Not aiming to give here a detailed description here (for this I refer to the official documentation ), I will give my simple example.
To do this, you need to decide on the format of the input lines. I have them like this:
1 INFO message1
2 ERROR message2
i.e. The identifier comes first, then INFO / ERROR, then some word without spaces.
Not difficult, but enough to understand how it works.
So, in the filter section, in the grok plugin, we need to define a pattern for parsing our lines.
It will look like this:
filter {
grok {
match => { "message" => ["%{INT:message_id} %{LOGLEVEL:message_type} %{WORD:message_text}"] }
}
}
This is essentially a regular expression. Ready-made patterns are used, such as INT, LOGLEVEL, WORD. Their description, as well as other patterns, can be viewed here
Now, passing through this filter, our string will turn into a hash of three fields: message_id, message_type, message_text.
They will be displayed in the output section.
Routing messages in the output section using the if command
In the output section, as we recall, we were going to split the messages into two streams. Some - which iNFO, we will output to the console, and with errors, we will output to a file.
How do we split these posts? The condition of the problem already prompts the solution - we already have the selected message_type field, which can take only two values INFO and ERROR. It is for him that we will make a choice using the if statement.
if [message_type] == "ERROR" {
# Здесь выводим в файл
} else
{
# Здесь выводим в stdout
}
The description of working with fields and operators can be found in this section of the official manual .
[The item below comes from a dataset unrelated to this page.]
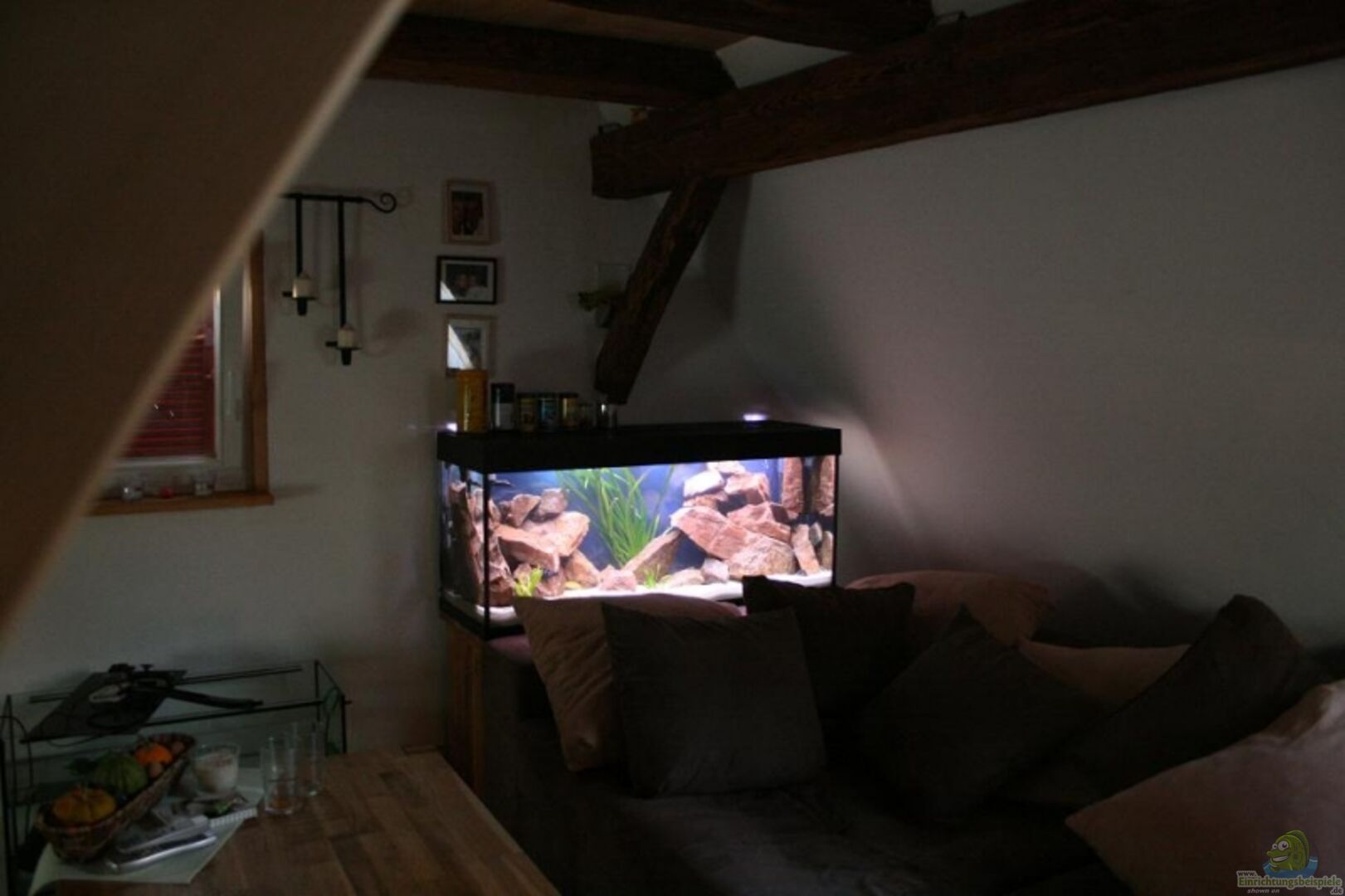 Das Becken steht auf einem ma??angefertigtem Unterschrank aus geöltem Kirschholz. Hat mir ein Hobbyschreiner gemacht. Schade nur das man ihn nicht wirklich sieht. Die Ma??e betragen 120x40x57. Durch die Höhe ist das Aquarium auf armlehnenhöhe des Sofas und wenn man sich gemütlich aufs Sofa knallt und ins Becken schaut muss man sich beherrschen um nicht einzuschlafen :-D

Now, about the actual conclusion itself.
The output to the console, everything is clear here - stdout {}
But the output to the file - remember that we run it all from the container and so that the file we write the result to is accessible from the outside, we need to open this directory in docker-compose. yml.
Total:
The output section of our file looks like this:
output {
if [message_type] == "ERROR" {
file {
path => "/usr/share/logstash/output/test.log"
codec => line { format => "custom format: %{message}"}
}
} else
{stdout {
}
}
}
In docker-compose.yml add another volume to output:
version: '3'
networks:
elk:
volumes:
elasticsearch:
driver: local
services:
logstash:
container_name: logstash_one_channel
image: docker.elastic.co/logstash/logstash:6.3.2
networks:
- elk
environment:
XPACK_MONITORING_ENABLED: "false"
ports:
- 5046:5046
volumes:
- ./config/pipelines.yml:/usr/share/logstash/config/pipelines.yml:ro
- ./config/pipelines:/usr/share/logstash/config/pipelines:ro
- ./logs:/usr/share/logstash/input
- ./output:/usr/share/logstash/output
We start, we try, we see division into two flows.